I have a program that is executed. After that, the user has an option to load back their previous input() answers or to create a new one (just re-execute the program). The program is based on user input and so if I wanted to reload the user's previous inputs, is there a way to pre code an input with the user's previous answer? As a crude example of what my program does I just made this:
def program():
raw_input=input()
print("Would you like to reload previous program (press 1) or create new? (press 2)")
raw_input2=input()
if raw_input2==2:
program()
elif raw_input2==1:
#And here is where I would want to print another input with the saved 'raw_input' already loaded into the input box.
else:
print("Not valid")
For any confusion this is my original code:
while True:
textbox1=input(f" Line {line_number}: ")
line_number+=1
if textbox1:
commands.append(textbox1)
else: #if the line is empty finish inputting commands
break
print("\033[1m"+"*"*115+"\033[0m")
for cmd in commands:
execute_command(cmd)
line_numbers+=1
I tried creating a Python-like coding program using Python which generates new inputs (new lines) until you want to end your program by entering in nothing.

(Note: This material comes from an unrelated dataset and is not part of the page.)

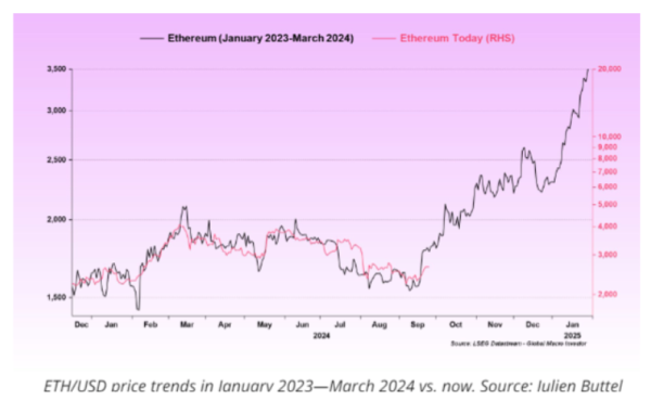 글로벌 매크로 인베스터의 매크로 리서치 책임자 줄리앙 비텔에 따르면, 이더리움의 1만 달러 목표에 대한 첫 번째 이유는 2023년 1월부터 2024년 3월까지의 이전 가격 프랙탈과의 유사성이다. 2023-2024년 프랙탈(검은색)은 ETH 가격이 1500달러와 2000달러 사이에서 통합한 후 3500달러로 돌파한 것을 보여준다. 현재 가격 움직임(빨간색 선)은 이 초기 통합 단계를 밀접하게 따른다.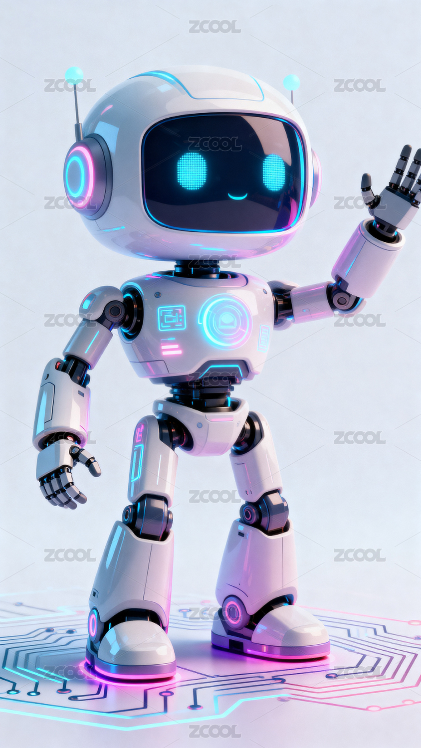 可爱机器人挥手科技感

This is only a snippet of my code of course. The problem I'm having is that after the user finished writing their basic program, whether you got an error because your code didn't make send or if it actually worked, I want there to be a 'cutscene' where it asks the user if they want to reload their previous program (because rewriting you program everytime there's an error is hard). I'm just asking whether I can do something like this: If my program was print("Hi"), and I wanted to reload it, I want to get an input; raw_input=input() but I want print("Hi") already inside the input().